══ Source data
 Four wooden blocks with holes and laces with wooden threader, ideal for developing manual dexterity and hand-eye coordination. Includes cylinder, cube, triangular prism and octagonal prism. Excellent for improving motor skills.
════
══ Source data
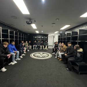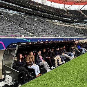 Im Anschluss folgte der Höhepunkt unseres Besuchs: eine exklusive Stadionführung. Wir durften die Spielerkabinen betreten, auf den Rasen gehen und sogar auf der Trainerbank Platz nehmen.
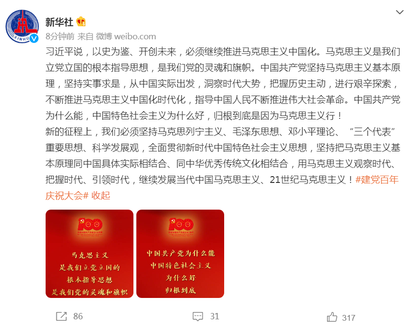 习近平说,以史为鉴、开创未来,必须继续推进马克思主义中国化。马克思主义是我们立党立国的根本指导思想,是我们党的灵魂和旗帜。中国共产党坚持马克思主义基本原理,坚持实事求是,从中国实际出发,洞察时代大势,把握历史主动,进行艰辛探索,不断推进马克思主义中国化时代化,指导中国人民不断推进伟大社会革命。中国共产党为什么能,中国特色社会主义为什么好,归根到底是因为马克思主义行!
════
══ Source data
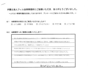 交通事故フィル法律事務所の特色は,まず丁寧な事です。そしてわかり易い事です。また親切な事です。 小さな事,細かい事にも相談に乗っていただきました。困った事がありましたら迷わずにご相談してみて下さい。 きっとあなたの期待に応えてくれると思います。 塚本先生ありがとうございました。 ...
════
**Exercise details**
Each line from the one that contains "Im Anschluss folgte" down to the one that contains "习近平说,以史为鉴、开创未来" is to be returned exactly as it stands above, both ends included, with pictures removed.

**Output of the exercise**
 Im Anschluss folgte der Höhepunkt unseres Besuchs: eine exklusive Stadionführung. Wir durften die Spielerkabinen betreten, auf den Rasen gehen und sogar auf der Trainerbank Platz nehmen.
 习近平说,以史为鉴、开创未来,必须继续推进马克思主义中国化。马克思主义是我们立党立国的根本指导思想,是我们党的灵魂和旗帜。中国共产党坚持马克思主义基本原理,坚持实事求是,从中国实际出发,洞察时代大势,把握历史主动,进行艰辛探索,不断推进马克思主义中国化时代化,指导中国人民不断推进伟大社会革命。中国共产党为什么能,中国特色社会主义为什么好,归根到底是因为马克思主义行!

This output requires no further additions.